Personal protective equipment make wearers sick


Personal protective equipment (PPE) required in operating rooms and intensive care units can make wearers sick, a small study confirms.

The findings help explain reports by clinicians of difficulty breathing, headache, and mental impairment while wearing the full protective suit that includes high quality mask, face shield and gloves, researchers said.

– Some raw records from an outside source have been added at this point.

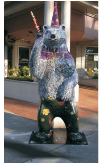
Up for auction: Levitating Spirit Bear www.SpiritBearsintheCity.com
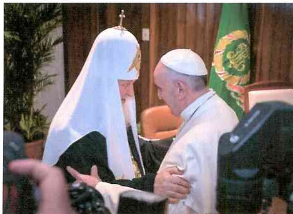
At last they meet! Pope Francis and Patriarch Kirill in Havana

Please note that the first of our Stations of the Cross will be on Wednesday at 7 p.m. Many blessings come from this devotion, so please do not lose contact with it.
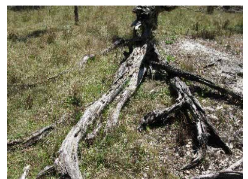
Good grass growth where timber slows run-off
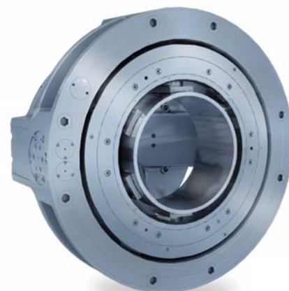
RÖHM swivel chuck for manufacturing bushings
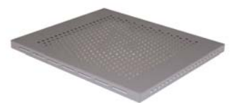
Fi fixed Vented shelf
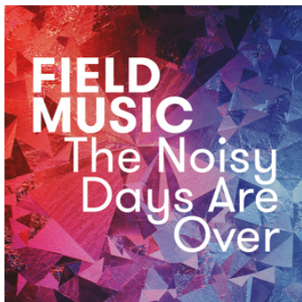
Field Music The Noisy Days Are Over
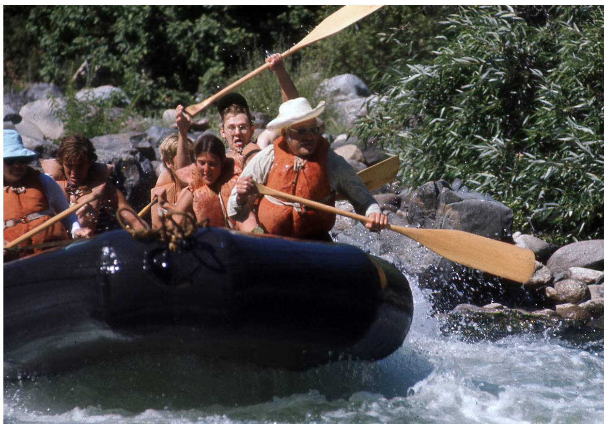
Rafters run a rapid with wood paddles on the Stanislaus River in 1972.

They lost a battle so devastating some still refuse to look at New Melones Reservoir.
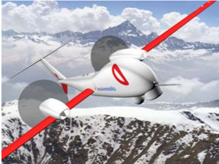
Figure 5: Molynx Male UAV

Potential evolution of the system to carry out commercial activities is envisaged, even if a maturity of the market, including the proper evolution of the regulations related to the use of the UAV in non segregated areas is required.
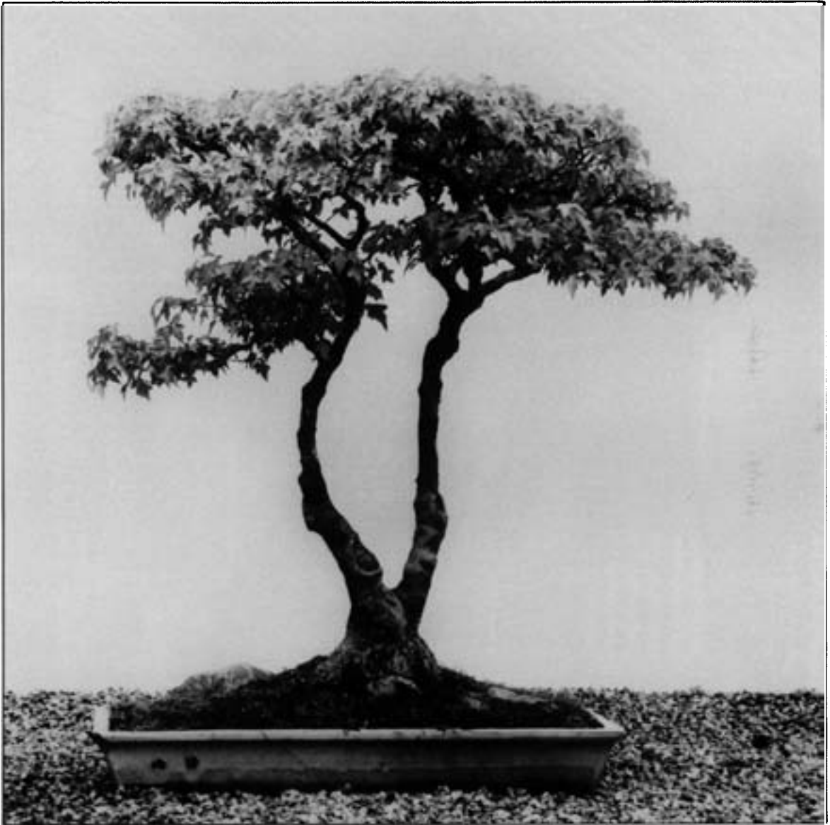
Acer buergerianum, Trident Maple (#870-37), started in 1852. Top left, the plant c. 1913, 58 cm high (23 in). Bottom left, the plant in 1933. Above, the plant in 1989, 70 cm high (28 in). Note how the plant has remained in the same container for over 75 years.

Among the eight surgeons who volunteered for the study, PPE impaired breathing, resulting in high blood levels of carbon dioxide and low levels of oxygen.
“Air re-breathed within the PPE mask after two hours was found to contain almost 8% carbon dioxide – 260-fold more than atmospheric levels (0.03%),” said Dr. Wyn Lewis of University Hospital of Wales in Cardiff.
The changes were significantly greater than those seen with standard operating room garments, his team reported on Saturday in the British Journal of Surgery, and can cause fluctuations in brain blood flow, shortness of breath, sweating, dizziness, nausea, mental impairment, fatigue, and headache.
Three of the surgeons experienced headaches related to altered blood flow in a major brain artery. “These findings were observed in young, fit, doctors, posing the question of what might emerge in mature professionals with co-existing medical issues, or anyone working beyond this study’s two-hour limit,” Lewis said.